Thursday, May 26, 2005

a woman as true man

A dervish must know pain's reality

And from the depths of pain must rise, a man.

Yet again they build another monastery:

All earth's a monastery; it only needs true men.


#687: From Rumi's Kolliyaat-e Shams-e Tabrizi


dervish
1585, from Turk. dervish, from Pers. darvesh, darvish "beggar, poor," hence "religious mendicant;" equivalent of Arabic faqir (cf. fakir). The "whirling dervishes" are just one order among many.


Because I've been discussing Sufism, I thought I'd frankly search for dervish among Rumi's first lines. Here he writes that knowing pain is what matures us. A monastery - or any shelter from life's turbulence - does not help us to grow. Life is the best teacher there.

This has come to me while I have been craving security, longing for more assurance of familiar patterns, longing especially for secure food supply and secure warmth and comfort as winter approaches. The end of autumn is a scary time, even in a place where winter is hardly severe at all.

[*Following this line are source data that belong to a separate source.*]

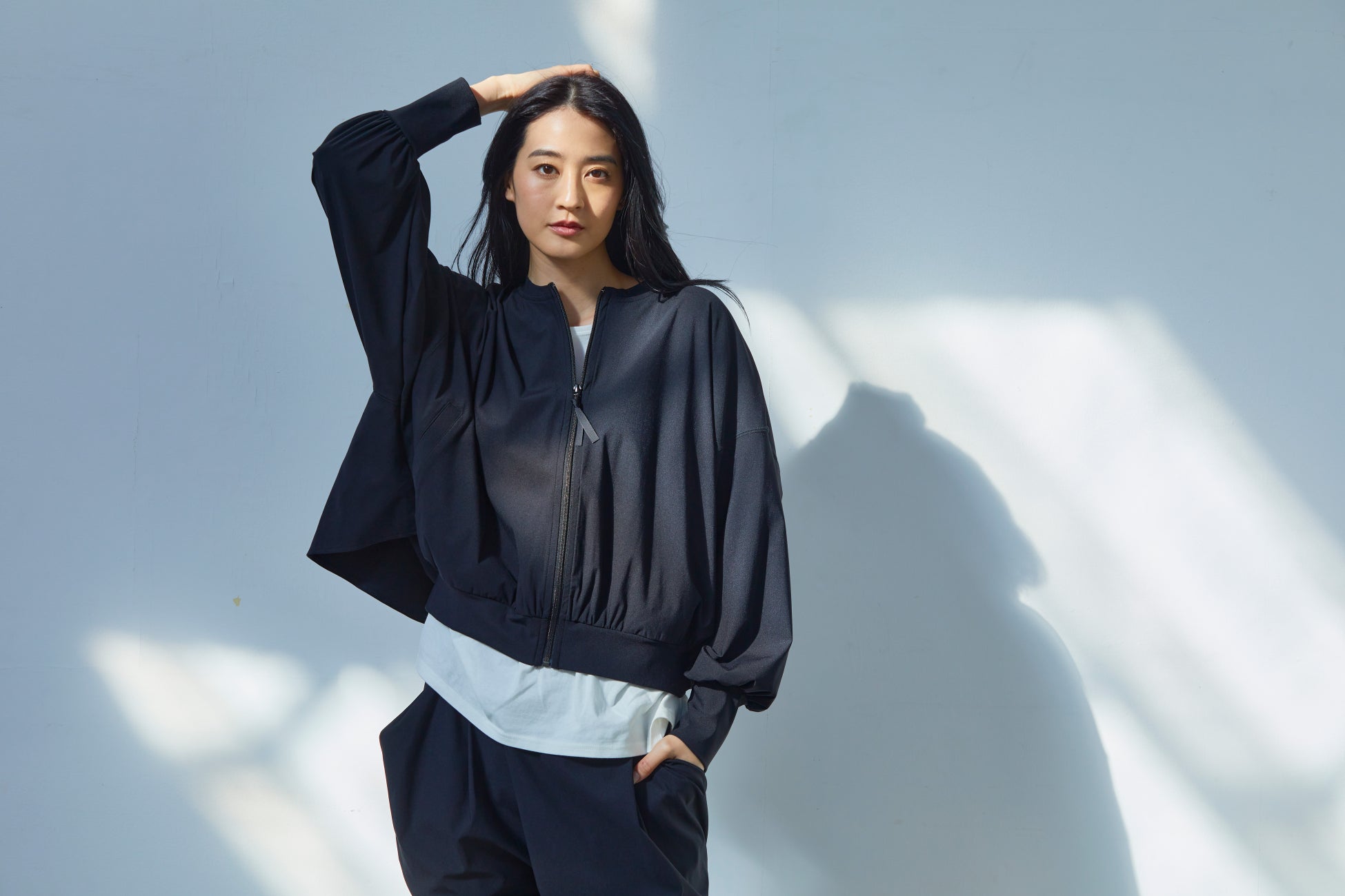 深いVネックラインが特徴のブルゾンは、カーディガン感覚で。肩のラインにあしらったタックフリルがアクセントになっています。伸縮性に富んでいるので、旅先やゴルフなどアクティブな日のおともに。
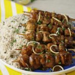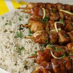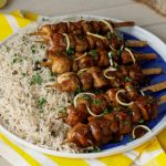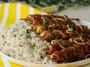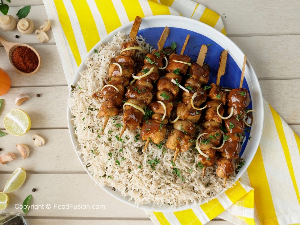 Serve lemon herb rice with chicken & mushroom skewers,drizzle prepared BBQ sauce and garnish with lemon skin,fresh parsley & serve!
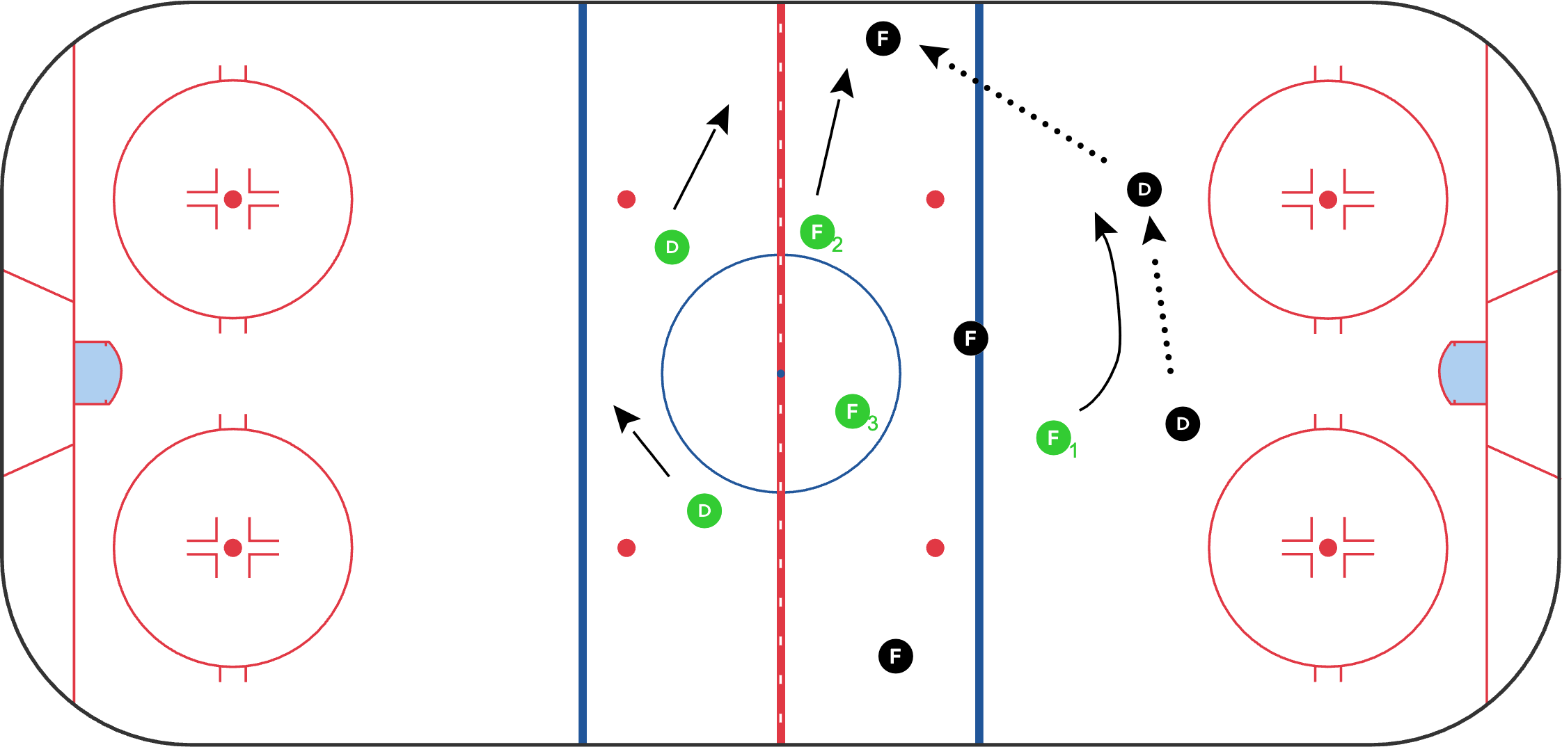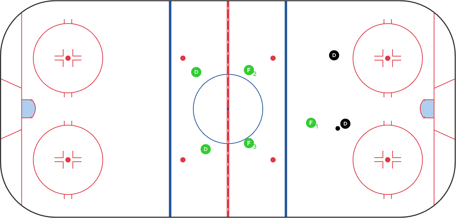 - The defensemen maintain gap control and are positioned to defend against zone entries or retrieve dump-ins
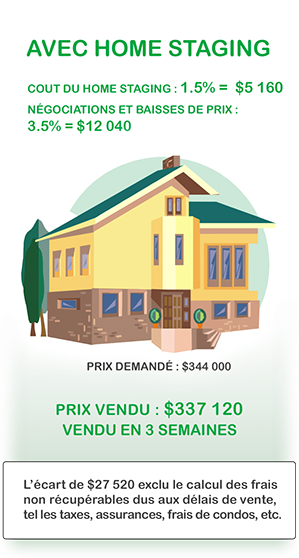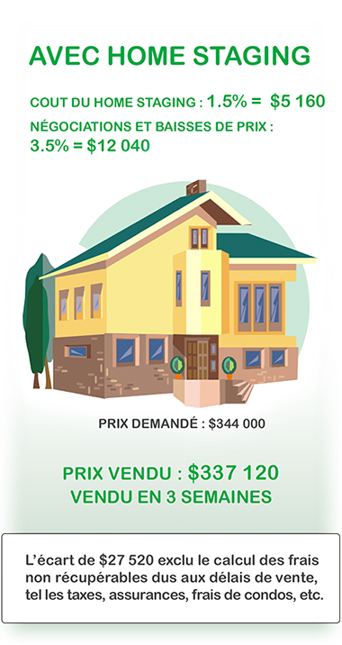 Le home Staging peut effectivement faire une différence sur le prix, la rapidité de vente ou le fait de rester en attente ou pas.

The etymology for dervish shows its origin in Persian and in the notion of poverty as a condition of the religiously devout. It does not need to be taken literally (I hope) for Sufi dervishes are no longer beggars. In my neighbourhood there is a woman who carries a cassette player and sings along to it in the public thoroughfare. She is a bit of a Christian loony, singing her songs of praise of the Lord. She is surely in the tradition of the dervish, bringing her devotion out to the world to be aired. I smiled at her once and she seemed to really appreciate that. She often talks to the (mainly) Muslims in this area. She is tolerated, perhaps even gently loved. My smile was my alms, for this woman might simply be poor in supporting love and guidance. She's found what she needs within herself even if she seems to find it through her Bible. She stands in the streets, she doesn't closet herself at home like I do. She is "a man" as Rumi would say. Am I?